DATA SUPPLIED: Begin

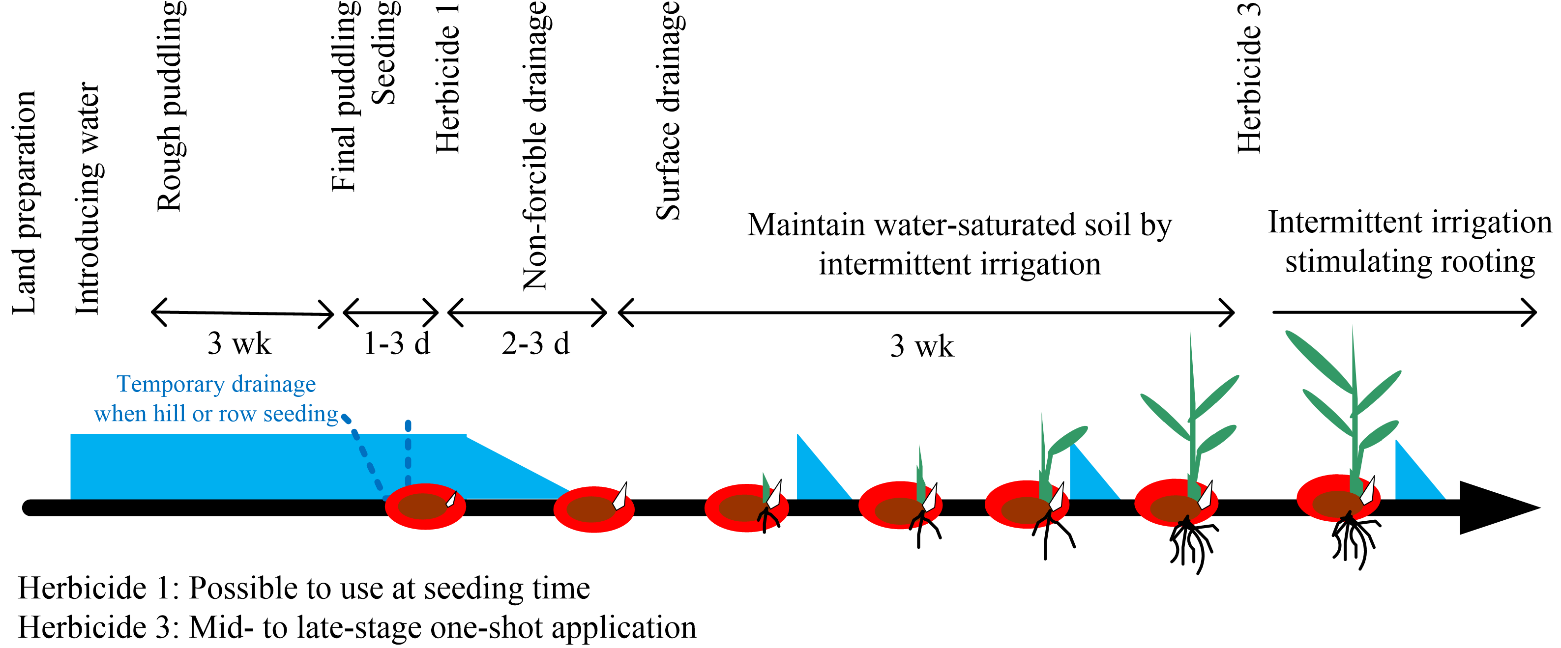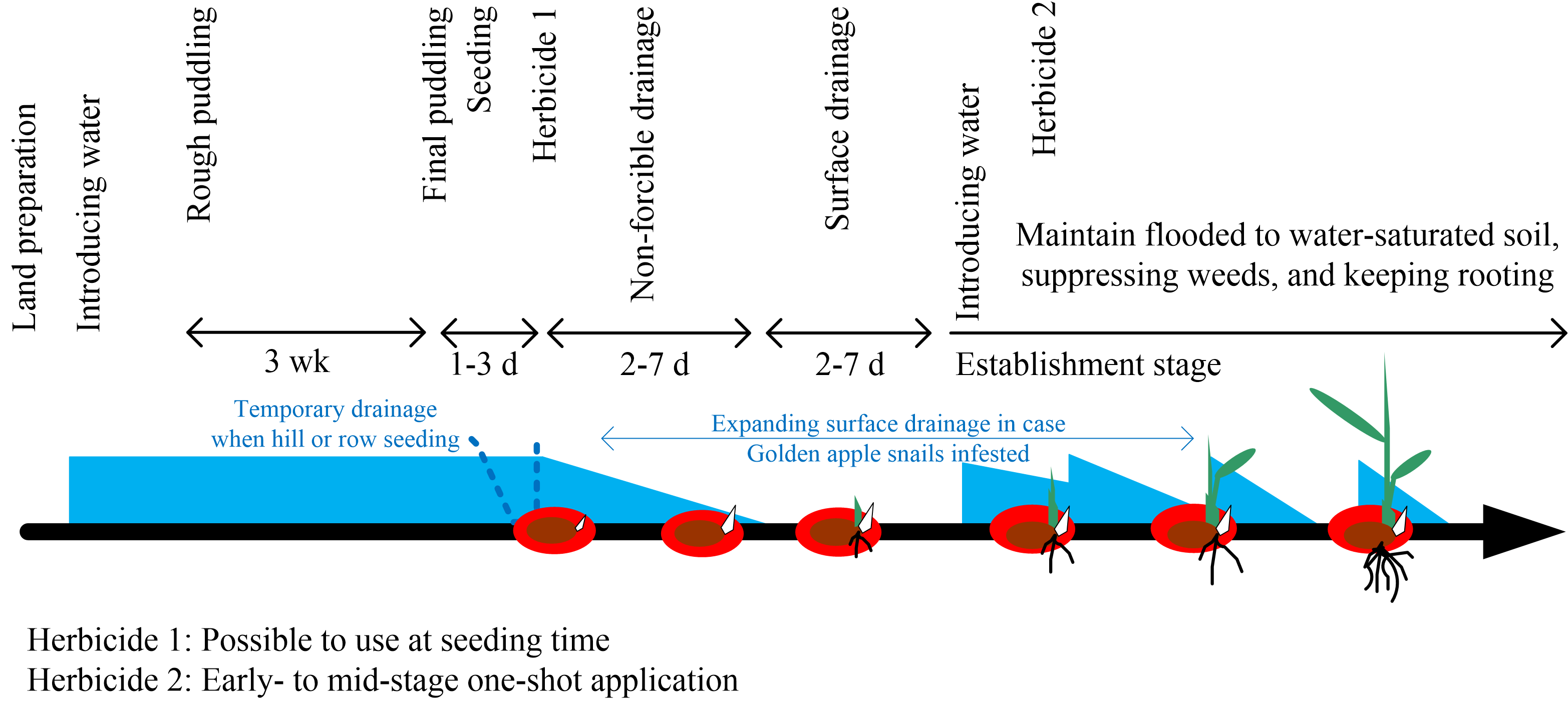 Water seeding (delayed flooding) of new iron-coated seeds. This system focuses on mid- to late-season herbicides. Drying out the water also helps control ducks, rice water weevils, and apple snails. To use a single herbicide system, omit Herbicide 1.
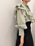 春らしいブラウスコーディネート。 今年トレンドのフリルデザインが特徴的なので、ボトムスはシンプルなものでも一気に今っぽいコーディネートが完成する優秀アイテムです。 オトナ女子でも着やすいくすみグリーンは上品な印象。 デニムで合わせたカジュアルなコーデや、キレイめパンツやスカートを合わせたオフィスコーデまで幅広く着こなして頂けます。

DATA SUPPLIED: End
DATA SUPPLIED: Begin

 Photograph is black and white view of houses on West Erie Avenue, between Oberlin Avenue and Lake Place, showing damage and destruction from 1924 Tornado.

DATA SUPPLIED: End
DATA SUPPLIED: Begin

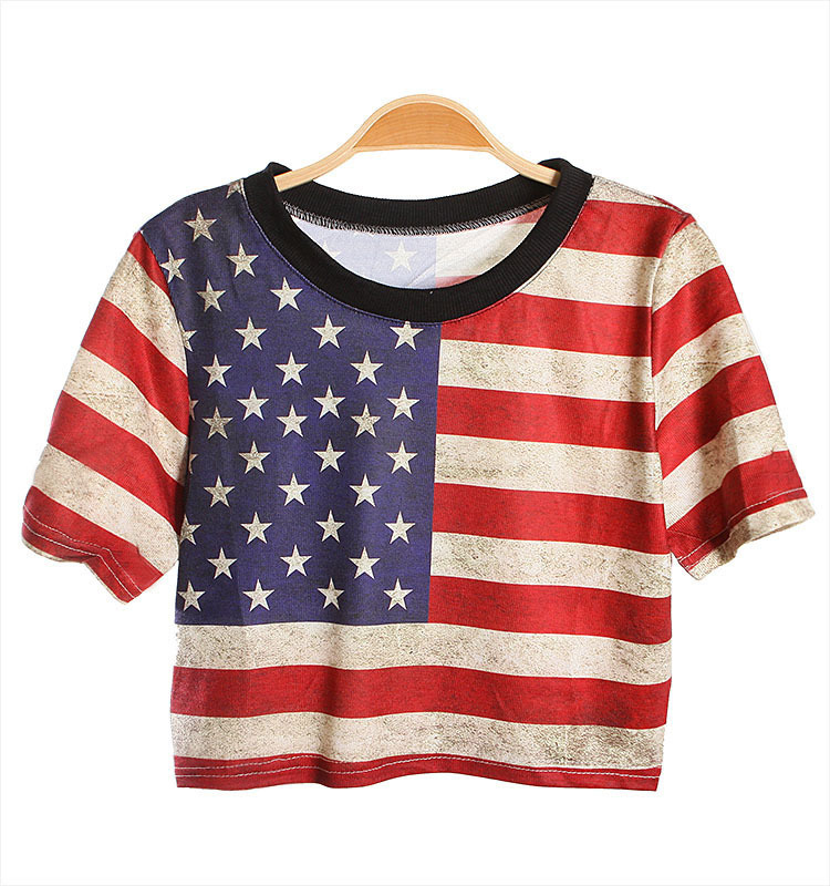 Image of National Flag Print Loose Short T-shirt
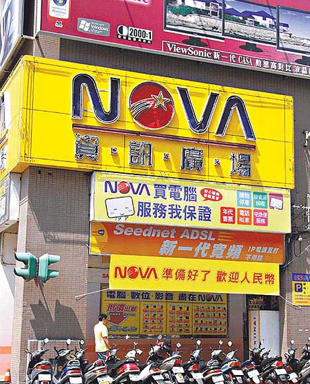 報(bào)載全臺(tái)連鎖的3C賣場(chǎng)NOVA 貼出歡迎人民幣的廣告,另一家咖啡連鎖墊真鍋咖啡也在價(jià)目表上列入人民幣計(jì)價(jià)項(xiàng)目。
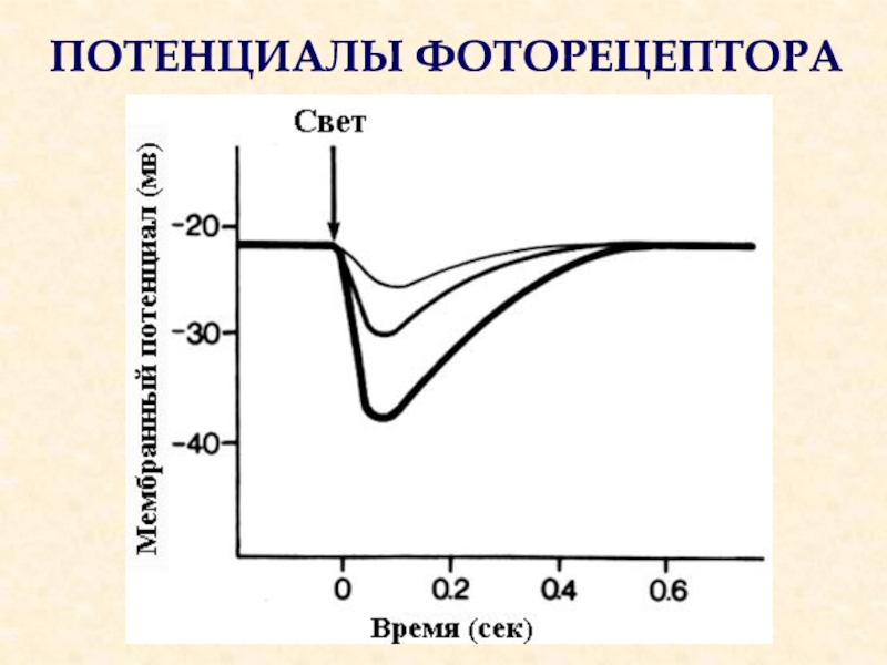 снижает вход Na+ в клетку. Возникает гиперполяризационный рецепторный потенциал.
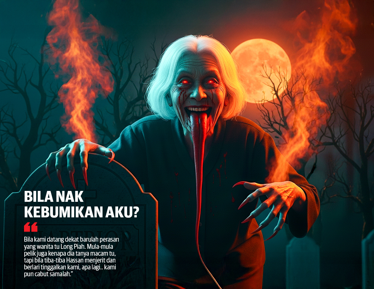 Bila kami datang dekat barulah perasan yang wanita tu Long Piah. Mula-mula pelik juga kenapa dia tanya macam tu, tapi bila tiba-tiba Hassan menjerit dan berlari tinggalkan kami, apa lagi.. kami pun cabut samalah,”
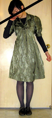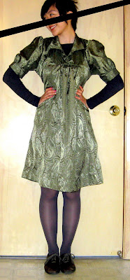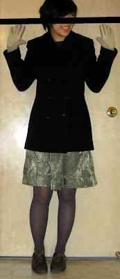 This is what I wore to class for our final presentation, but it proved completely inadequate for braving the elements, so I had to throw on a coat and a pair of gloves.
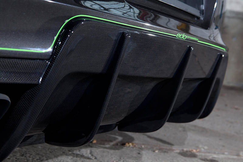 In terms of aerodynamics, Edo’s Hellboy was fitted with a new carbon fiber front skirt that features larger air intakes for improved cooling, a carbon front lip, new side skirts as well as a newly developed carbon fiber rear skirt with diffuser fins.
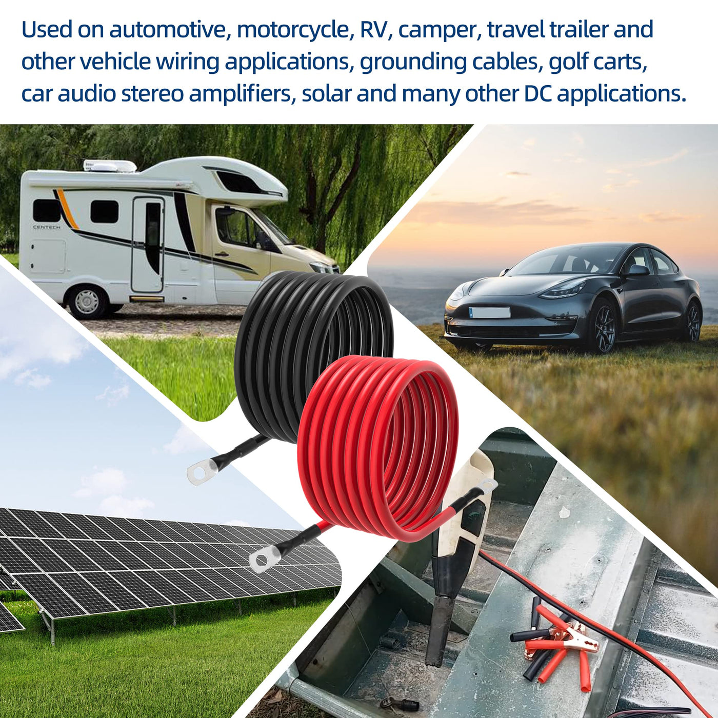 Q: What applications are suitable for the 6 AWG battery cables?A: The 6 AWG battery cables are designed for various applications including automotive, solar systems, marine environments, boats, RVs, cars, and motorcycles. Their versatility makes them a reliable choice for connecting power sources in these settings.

DATA SUPPLIED: End

For this exercise, return exactly the lines above from the line with "報(bào)載全臺(tái)" through the line with "Q: What applications", both included. Do not copy the pictures.

— WRITTEN ANSWER —
 報(bào)載全臺(tái)連鎖的3C賣場(chǎng)NOVA 貼出歡迎人民幣的廣告,另一家咖啡連鎖墊真鍋咖啡也在價(jià)目表上列入人民幣計(jì)價(jià)項(xiàng)目。
 снижает вход Na+ в клетку. Возникает гиперполяризационный рецепторный потенциал.
 Bila kami datang dekat barulah perasan yang wanita tu Long Piah. Mula-mula pelik juga kenapa dia tanya macam tu, tapi bila tiba-tiba Hassan menjerit dan berlari tinggalkan kami, apa lagi.. kami pun cabut samalah,”
 This is what I wore to class for our final presentation, but it proved completely inadequate for braving the elements, so I had to throw on a coat and a pair of gloves.
 In terms of aerodynamics, Edo’s Hellboy was fitted with a new carbon fiber front skirt that features larger air intakes for improved cooling, a carbon front lip, new side skirts as well as a newly developed carbon fiber rear skirt with diffuser fins.
 Q: What applications are suitable for the 6 AWG battery cables?A: The 6 AWG battery cables are designed for various applications including automotive, solar systems, marine environments, boats, RVs, cars, and motorcycles. Their versatility makes them a reliable choice for connecting power sources in these settings.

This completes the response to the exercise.